Now why would that be? Possibly because Mat and Bessie were soul mates and their love, although probably, due to her religious beliefs, never consummated, also was never ended? Mat's son believes the eventual divorce of his parents was due to that love. He also said Bessie told him how to her he felt like the son she had never had. Probably he also reminded her of the life she never had. And did Thompson build her a home that looked so much like the buildings at Stanford as a testament to that love? It wouldn't be surprising if Albert had some mixed feelings about all of that, would it?

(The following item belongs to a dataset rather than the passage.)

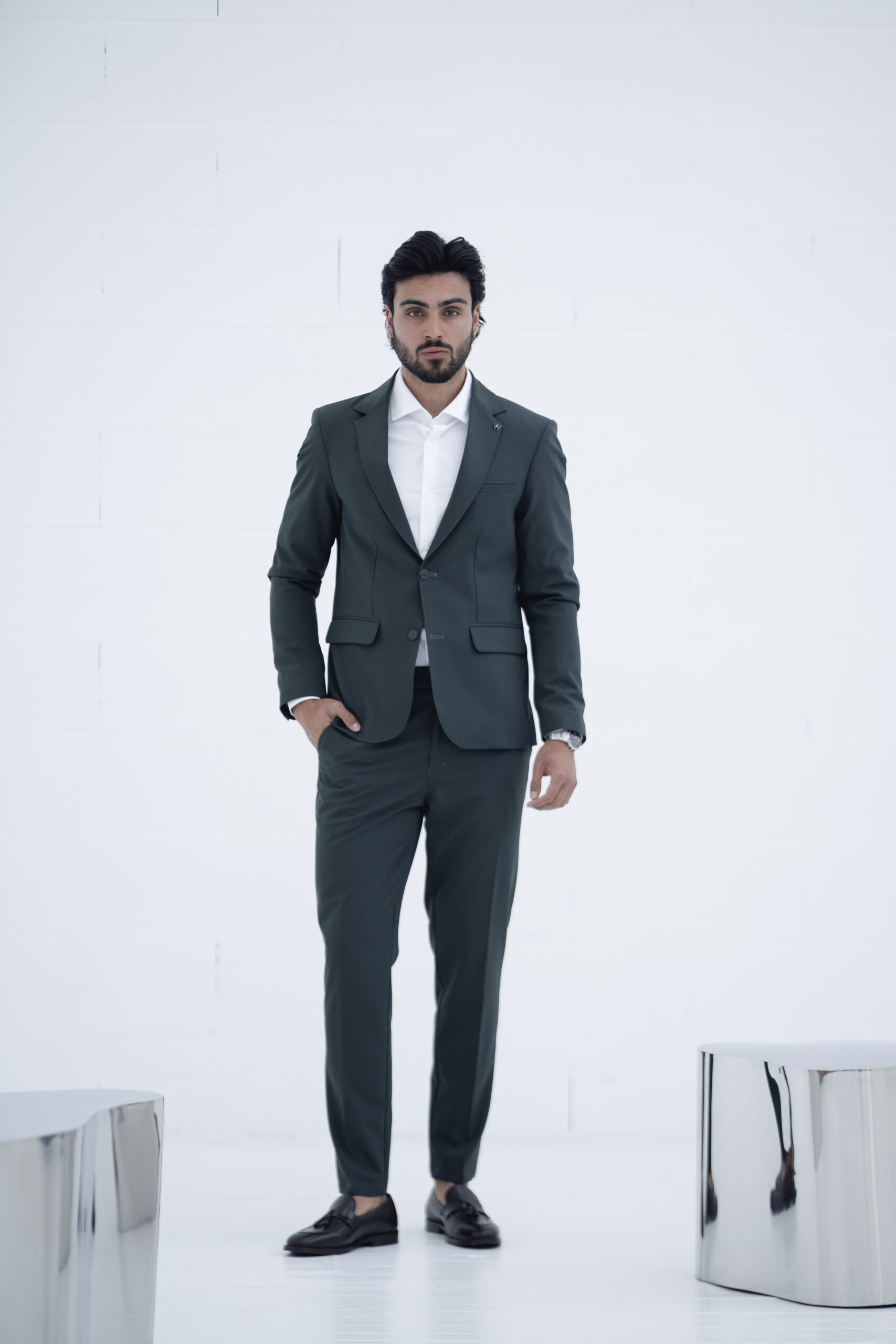 Fato slim fit verde elegante, pensado para homens que querem marcar presença em qualquer ocasião. Ideal para casamentos e eventos formais, combina um design moderno com conforto e ajuste perfeito.

Sometimes the brightest dreams have a way of not working out. A crash in the stock market in 1929, took a lot of Johnson's money. Thompson left Death Valley with the estate not finished (a year later, he married again). More complications on the
castle ensued when it was discovered that due to sur
veying errors, the land on which it was built wasn't actually owned by Johnson. He bought that land eventually, but doing it sucked up even more of his fortune. Some of the estate remains unfinished today.
There is one final question about the tragic threesome. When Bessie was killed on the highway in Death Valley, Albert was driving. Supposedly she was killed outright; but some did not think so. They thought, because things seemed to have been moved, that Albert either killed her or let her die. Personally I tend to doubt that although who really knows. Could he have been bitter at knowing his wife loved another man all those years? Did he feel he had been cuckolded in the building of the castle? If so, for a powerful man, there would be easier ways to dispose of her and why wait so many years? Given his own religiosity, more likely if she broke her neck in the accident, maybe, at her age especially, he didn't want her
to go through what he had endured and finished what the accident started. Maybe but who knows.
None of that involved Scotty, who lived out his life peacefully in Death Valley. His actual home was never the Castle but rather this:
[Lower Vine Ranch]. He did visit the castle to tell his stories and contribute to the atmosphere. Walter Scott is buried on the hill above the castle, his dog Windy alongside him.
For more tidbits from these interwoven lives, check the links above. All photos are from our recent trip.
On Walter Scott's tombstone is the epitaph:
"I got four things to live by: Don't say nothing that will hurt anybody. Don't give advice-- Nobody will take it anyway. Don't complain. Don't explain." Not bad advice!